The latest great horror film released to date is also one of the best of all time. After watching it for the second time, I can confirm that the feelings it transmitted to me the first time were not just due to enthusiasm: “Hereditary” is a true marvel—complex, sophisticated, highly intelligent, and, most importantly, terrifying. A special mention goes to Toni Collette, who crowns a film that marks a before and after in the genre’s history and remains deeply ingrained in my mind.

“The Entity” (1982)

Director: Sidney J. Furie. Cast: Barbara Hershey, Ron Silver, George Coe, Margaret Blye…

This allegedly based-on-real-events horror film from 1982 may not be the subtlest, but its 100 minutes leave you with one of the worst post-viewing experiences you can encounter. The constant sexual assaults that a supernatural being imposes on the protagonist are not only shot with unprecedented crudeness but also articulate a feminist discourse that, sadly, has not aged. Pay attention to Charles Bernstein’s suffocating soundtrack, which Quentin Tarantino even recycled in “Inglourious Basterds.”

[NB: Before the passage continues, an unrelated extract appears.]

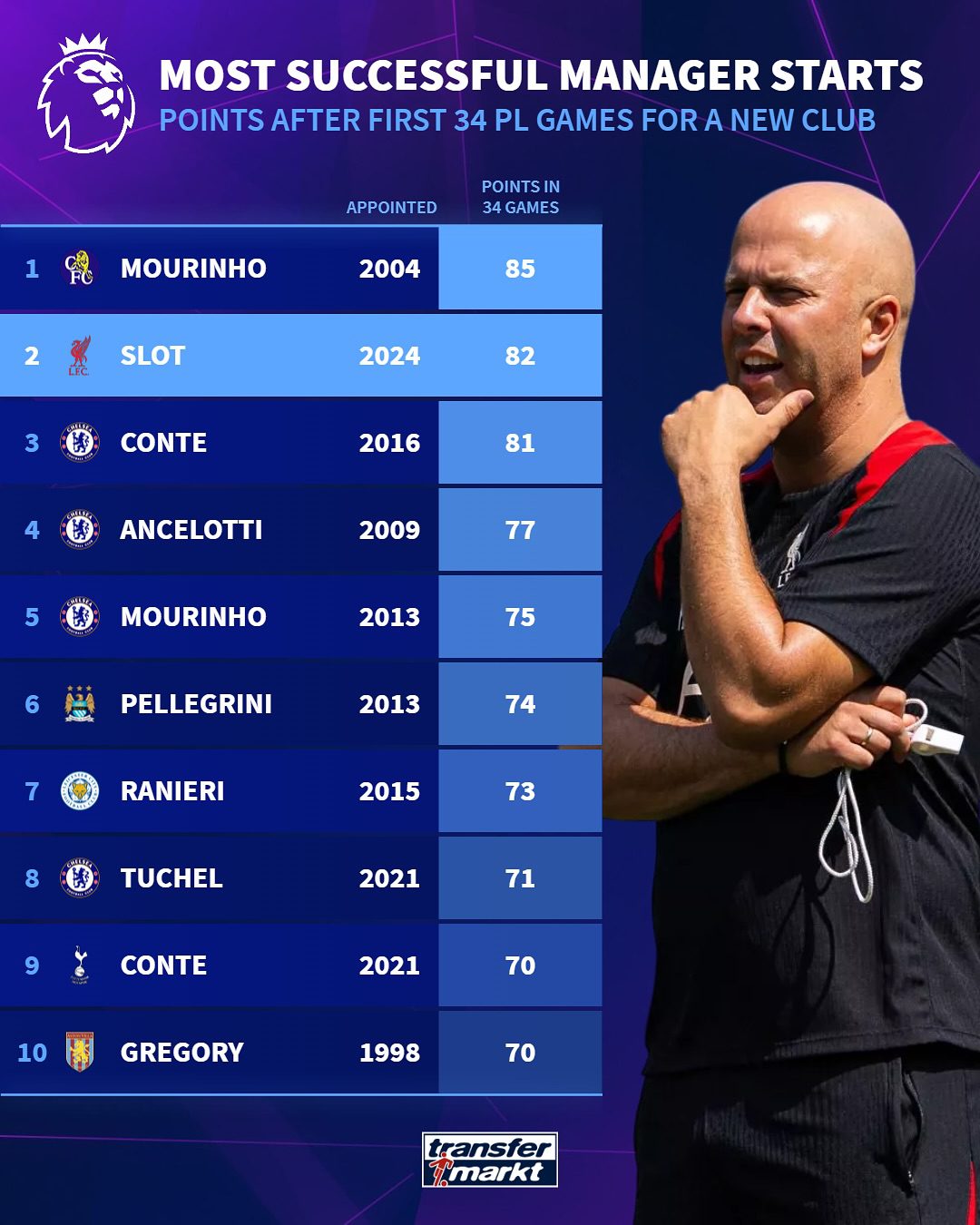 Μετά από 34 αγωνιστικές, η Λίβερπουλ του Σλοτ έχει συγκεντρώσει 82 βαθμούς, επίδοση που τον φέρνει δεύτερο στη λίστα με τα πιο πετυχημένα ξεκινήματα προπονητών στην ιστορία της Premier League.

We could spend hours and hours compiling the best horror films that have shaped the history of our beloved genre, but I had to choose what I believe are its best representatives. That said, I invite you to share with us your picks for the best horror movies of all time. After all, there are never enough good scares we can experience in front of the silver screen.